Royal Noble Consort Ahn of the Gyeongju Yi clan (Hangul: 안빈 이씨, Hanja: 安嬪 李氏; September 1622 – October 1693) was a Korean Royal Consort and the spouse of King Hyojong of Joseon.

Biography
Lady Yi was born in September 1622, lunar calendar, (14th year reign of Gwanghaegun of Joseon) as the daughter of Yi Eung-heon from the Gyeongju Yi clan. She became Hyojong's concubine when he was still Grand Prince Bongrim (봉림대군). 

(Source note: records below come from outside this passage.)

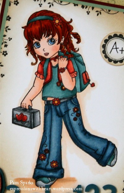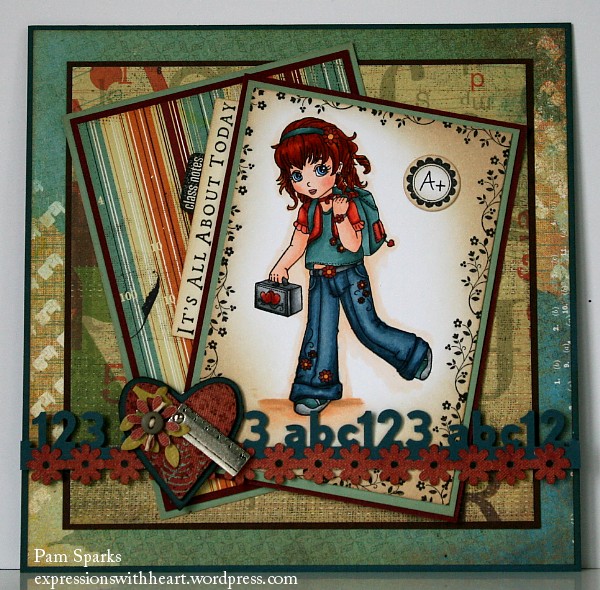 Nickie Running Late For School is stamped with Memento Tuxedo black ink and colored with Copic Sketch Markers. The ruler charm is from Inky Impressions…awesome charms, HERE. The sentiment stamp is from Hero Arts, the “class notes” and A+ are from a dollar clear stamp set and the floral border stamp is from a Stampin Up Tag set. abc123 border is a Martha Stewart border punch, the flower border is an EK Success border punch. The hearts are from a Quickutz die…cut mulitple times and layered up to be like chipboard. A Marvy daisy punch and the branch is a die from Joycraft. The little button is from Lasting Impressions for Paper and the cord from JoAnns. Pattern Papers are from the Recess 6×6 pad by Basic Grey.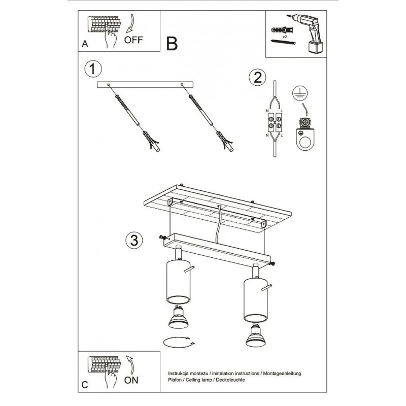 Źródło światła: GU10, 2x40W, 2x12W LED,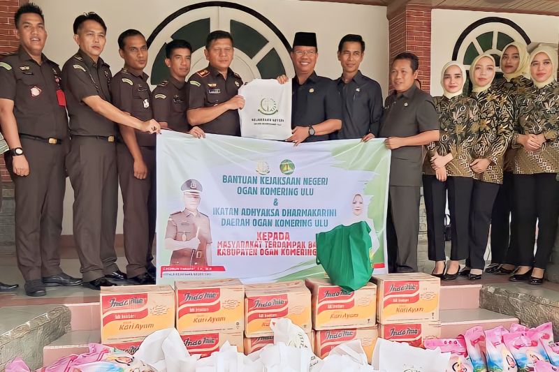 Baturaja (ANTARA) – Jajaran Kejaksaan Negeri (Kejari) Kabupaten Ogan Komering Ulu (OKU), Sumatera Selatan menyalurkan bantuan sosial kepada korban banjir di wilayah tersebut untuk meringankan kebutuhan masyarakat setelah dilanda bencana alam.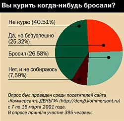 Однако даже такими страшилками заядлого курильщика не отучить от вредной привычки. По последним данным, приведенным директором НИЦ профилактической медицины Минздрава РФ академиком Рафаэлем Огановым, в России курят 63,2% мужчин и 9,7% женщин. При этом курение — именно болезнь со всеми ее атрибутами — врачами, лекарствами, методиками лечения. Сегодня в крупных городах России рынок медицинских услуг для желающих бросить курить вполне сложился (ведь только одна Москва выкуривает за год примерно 15 млрд сигарет). Однако рынок этот хаотичен и, по сути, не регламентирован. Тому есть как минимум две причины.

When the Qing Invasion happened in 1636, Lady Yi, along with Princess Consort Pungan (the future Queen Inseon), followed Grand Prince Bongrim to Shenyang and assisted him as they went to China as hostages of the Qing Dynasty. After her death, King Sukjong, King Hyojong’s and Queen Inseon’s grandson, highly respected and honored Lady Yi for this act, and had her ancestral rights performed through his successors.

In 1649, Lady Yi gave birth to a daughter whom was given the title Princess Suknyeong (숙녕옹주, 淑寧翁主). Her daughter was known to be cherished by her father and her legal mother, Queen Inseon. 

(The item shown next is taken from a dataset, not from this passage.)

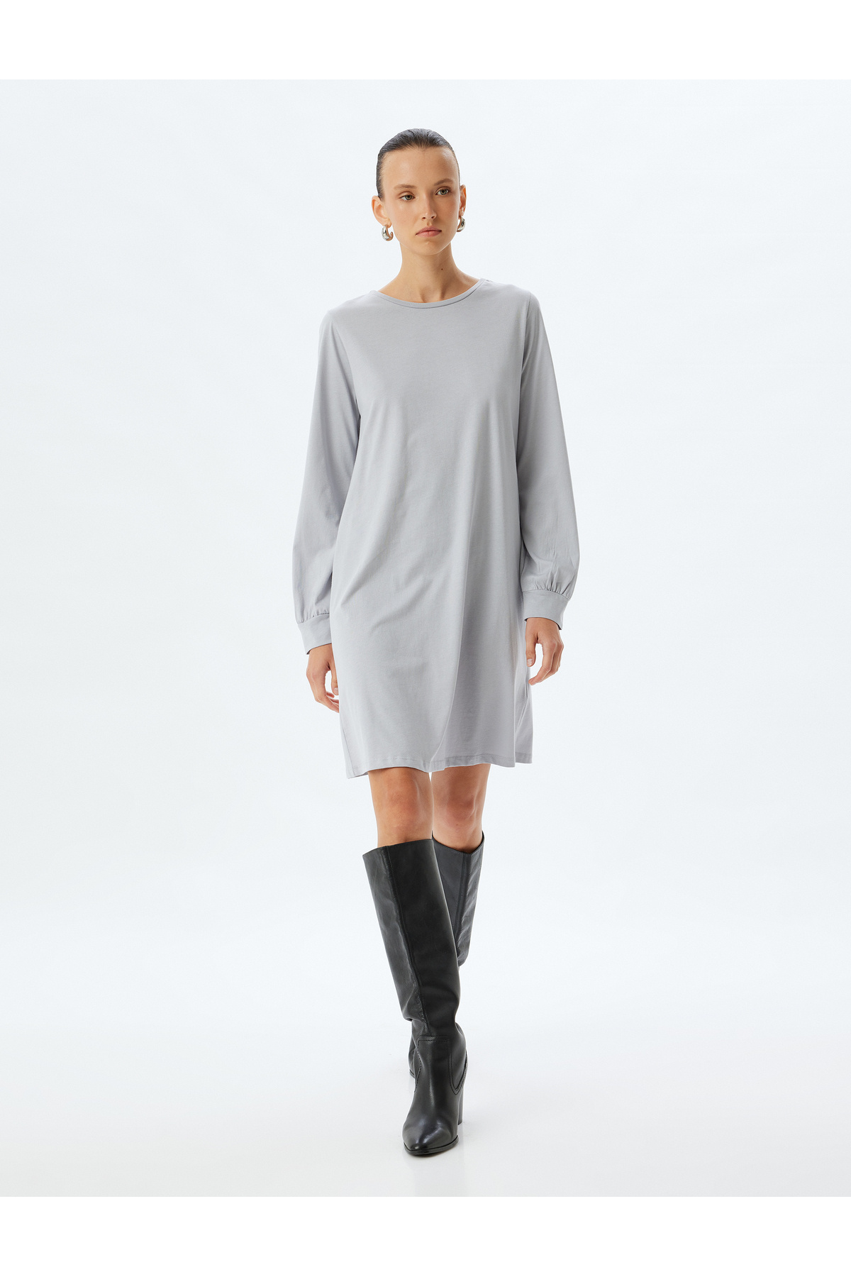 Mini Elbise Manşetli Uzun Kollu Yuvarlak Yaka Pamuklu Mini Elbise Manşetli Uzun Kollu Yuvarlak Yaka Pamuklu 5WAK80119EK XL

There was an occasion in which the King and the Queen were giving gifts to their children. The King gave gifts only to the princesses as he was conscious of how the Queen would react without giving any present to the concubine's daughter. But the Queen, who was worried about excluding Lady Yi’s only daughter from her husband, personally called Princess Suknyeong with a gift.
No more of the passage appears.